3.1. Path Models for Mothers’ Influence

The mother models for boys and girls were significantly different (difference χ2 (15) = 25.207, p = .047). Accordingly, models for boys and girls were estimated separately. In the mother-boy model (Figure 1), boys’ depression symptoms predicted boys’ smoking initiation, and mother ADHD predicted boys’ ADHD symptoms. There was a significant indirect path from mothers’ depression symptoms to boys’ smoking status through boys’ depression symptoms (95% confidence interval: .001, .046), such that mothers with higher levels of depression had sons with higher levels of depression, which was predictive of boys’ smoking initiation.
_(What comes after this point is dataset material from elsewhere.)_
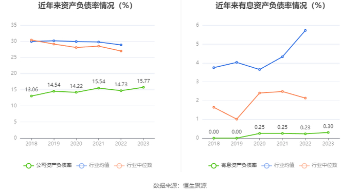 在偿债能力方面,公司2023年年末资产负债率为15.77%,相比上年末上升1.04个百分点;有息资产负债率为0.30%,相比上年末上升0.07个百分点。

For the mother-girl model (Figure 2), girls’ ADHD predicted girls’ smoking initiation, and mothers’ smoking status predicted girls’ depression and ADHD symptoms, mothers’ depression predicted girls’ depression symptoms, and mothers’ ADHD predicted girls’ ADHD symptoms. There was a significant indirect path from mothers’ ADHD symptoms to girls’ smoking status through girls’ ADHD symptoms (95% C.I.: .013, .146), such that mothers with higher levels of ADHD had daughters with higher levels of ADHD symptoms, which was predictive of girls’ smoking initiation. There was also a marginally significant indirect path from mothers’ smoking status to daughters’ smoking status through daughters’ ADHD symptoms (95% C.I.: .000, .026), such that mothers with higher levels of smoking had daughters with higher levels of ADHD symptoms, which was predictive of girls’ smoking initiation.

3.2. Path Models for Fathers’ Influence

The father models for boys and girls did not statistically differ (difference χ2 (15) = 17.814, p = .273). However, given the differences in the mother models, boys and girls models were analyzed separately to facilitate comparison with the mothers’ models. As with the mother-boy model, in the father-boy model (Figure 3), boys’ depression predicted boys’ smoking initiation, but in this case boys’ depression was not predicted by any of the parent level variables. Fathers’ smoking status did predict boys’ ADHD symptoms, but there were no significant indirect pathways from any of the father variables to boys’ smoking initiation.

For the father-girl model (Figure 4), neither girls’ depression nor ADHD symptoms predicted girls’ smoking initiation. Father smoking status and father ADHD predicted girls’ ADHD symptoms, and father depression predicted girls’ depression symptoms. As was the case for the mother-girls’ model, there was a marginally significant indirect path from fathers’ smoking status to daughters’ smoking status through daughters’ ADHD symptoms (95% C.I.: .000, .020), where fathers with higher levels of smoking had daughters with higher levels of ADHD symptoms, which was predictive of girls’ smoking initiation.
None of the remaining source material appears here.